**Data for the task:**

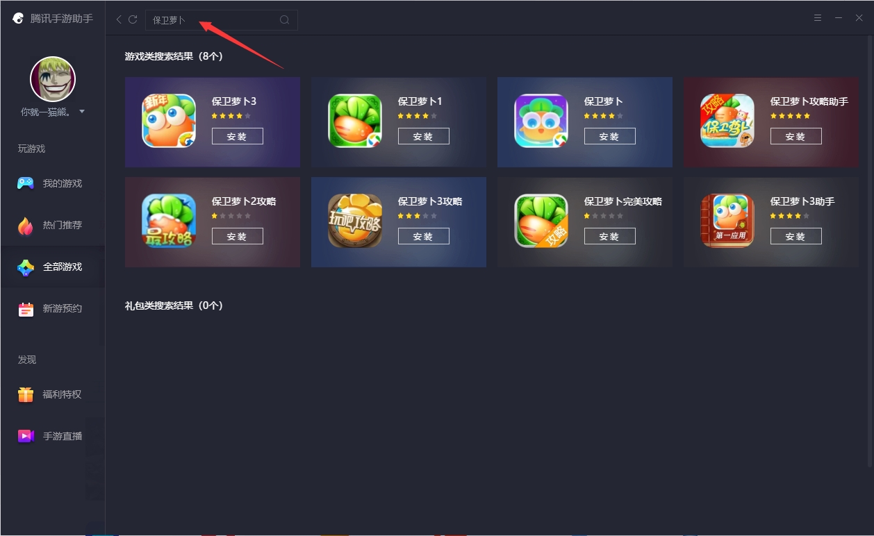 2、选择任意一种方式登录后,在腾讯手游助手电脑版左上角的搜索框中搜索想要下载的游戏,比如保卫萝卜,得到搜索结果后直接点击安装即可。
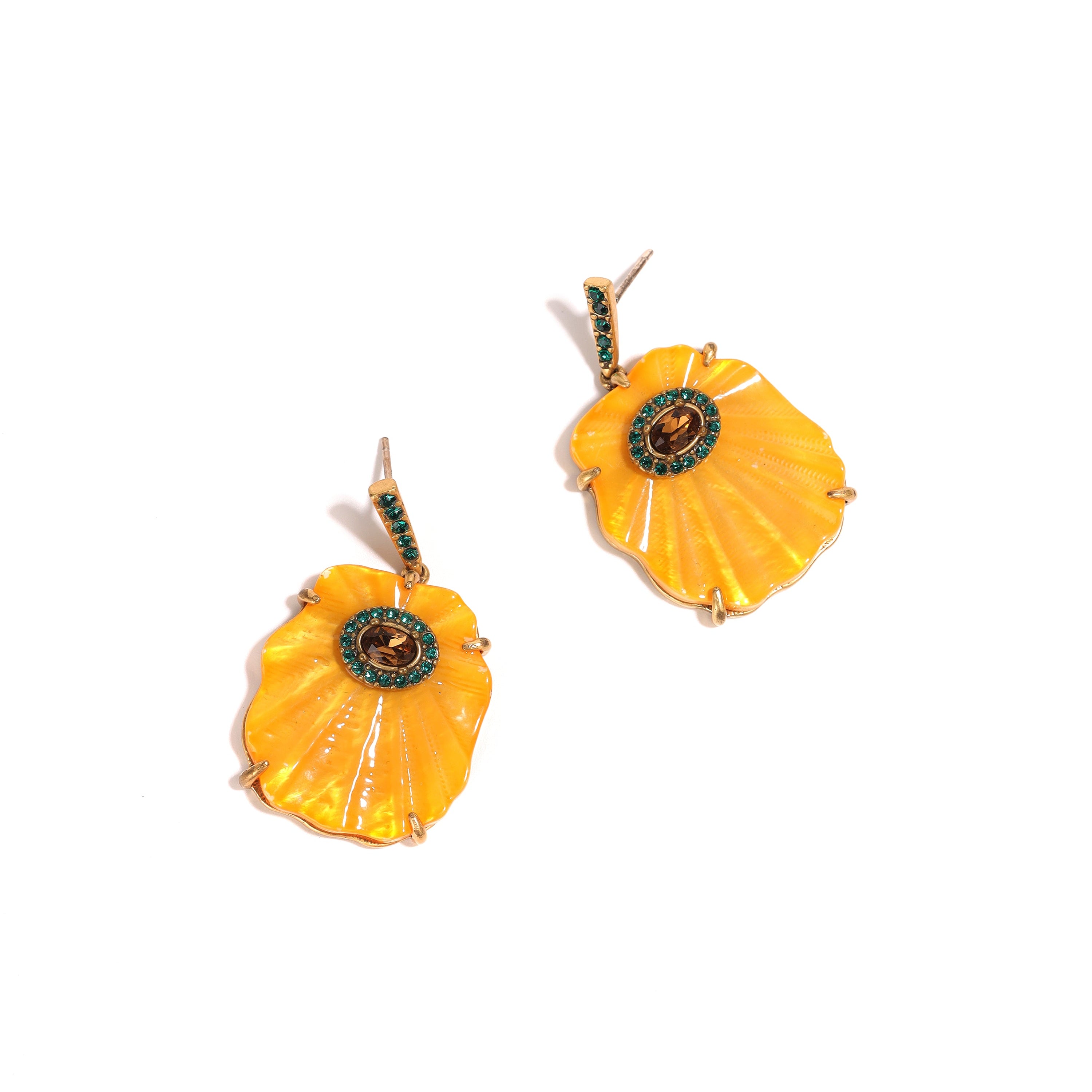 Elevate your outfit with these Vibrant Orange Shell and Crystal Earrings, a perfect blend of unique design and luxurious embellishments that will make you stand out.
==
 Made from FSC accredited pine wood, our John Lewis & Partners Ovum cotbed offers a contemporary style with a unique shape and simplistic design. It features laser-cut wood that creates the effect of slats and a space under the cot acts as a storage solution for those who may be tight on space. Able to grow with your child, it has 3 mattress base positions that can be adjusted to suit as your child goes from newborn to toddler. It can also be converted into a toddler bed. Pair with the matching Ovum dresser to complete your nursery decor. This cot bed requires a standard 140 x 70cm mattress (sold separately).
...
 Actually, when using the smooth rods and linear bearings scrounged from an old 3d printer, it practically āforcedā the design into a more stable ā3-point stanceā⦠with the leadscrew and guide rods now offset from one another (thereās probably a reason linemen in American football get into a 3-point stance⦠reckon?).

**Exercise description:**
In the entries above, find the line that contains "2、选择任意一种方式登录后,在腾讯手游助" and the line that contains "Elevate your outfit". Reproduce exactly those two lines and every line between them, but not the pictures.

**Written response:**
 2、选择任意一种方式登录后,在腾讯手游助手电脑版左上角的搜索框中搜索想要下载的游戏,比如保卫萝卜,得到搜索结果后直接点击安装即可。
 Elevate your outfit with these Vibrant Orange Shell and Crystal Earrings, a perfect blend of unique design and luxurious embellishments that will make you stand out.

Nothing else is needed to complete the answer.